Perhaps the final blow that killed off Schlitz came in the form of a 1981 labor strike. Seven hundred manufacturing-plant workers walked off the job in Milwaukee in a monthslong labor dispute, and shortly thereafter the company announced that it would be closing its legendary Milwaukee plant forever.

Schlitz was now lying facedown in the corporate gutter, bleeding money. Rivals circled the lifeless beer maker. In 1982 the Stroh Brewery Company bought Schlitz for a paltry $500 million in cash—roughly the revenue Schlitz would pump out in a decent quarter in the 1970s. Even with the acquisition, though, Schlitz and Stroh together were still a distant third in sales behind Anheuser-Busch and Miller. In the decades after, the company was sold two more times to massive conglomerates. Today, ironically, Schlitz is owned by a onetime local competitor, Pabst, which itself is now pretty much a holding company that acquires heritage beer brands.

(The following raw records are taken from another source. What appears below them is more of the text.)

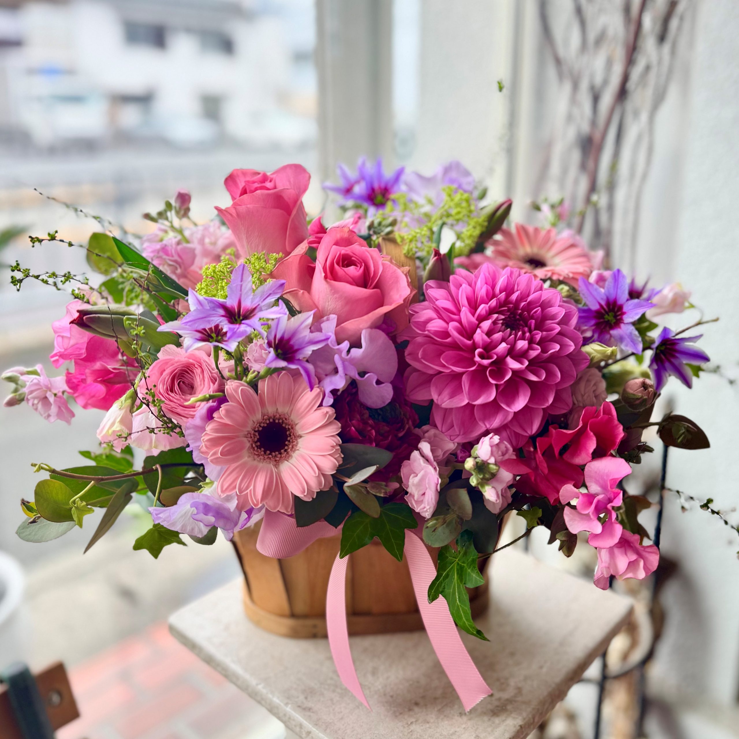 お誕生日・各種お祝いやプレゼント、お悔やみ、お供えなどのお花の贈り物。ご用途に応じたフラワーギフトを、当店のスタッフが心を込めておつくりします。大阪府池田市へのお花のお届けなら当店にお任せください。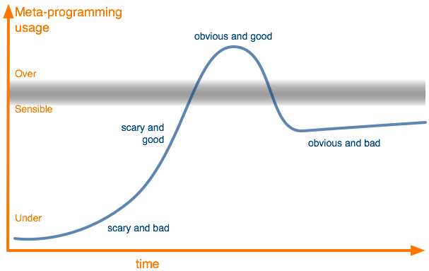 - Scary and Good: people begin to see the value of meta-programming but are still uncomfortable with using it.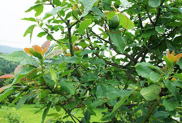 去年酪梨&荔枝花滿樹,但都是一粒果也不結,當年買的酪梨是可自行授粉的Hass品種,其他品種需要開花特性不同品種混雜才能授粉,但是酪梨連年開花不結果,曾懷疑可能非Hass品種,如今結了兩顆已1in大,也總算消除疑慮了。酪梨成熟與一般果實不同,在樹上不會變軟,成熟後能留樹上掛藏一個月以上而不掉落,判斷成熟的方法是:果皮由明亮光彩變成無光彩,果柄開始變黃時大致接近成熟,此時摘下來經過5~10天左右後熟期,變軟就可食用了,它是糖分含量低,植物性脂肪高之營養水果。

In 1985, seven years after launching his lawsuit, a victorious Martin stepped over Schlitz’s lifeless corporate body in the streets of Milwaukee. A jury handed him a hefty $1.3 million judgment (though a judge later trimmed the amount, deeming it excessive). Martin leveraged his triumph into a coveted marketing job in California, far away from Milwaukee and the beer wars. His career flourished, and he and Kaye moved into an opulent home they cheekily referred to as the House That Schlitz Built.

There were winners in the beer wars, but Schlitz wasn’t one of them.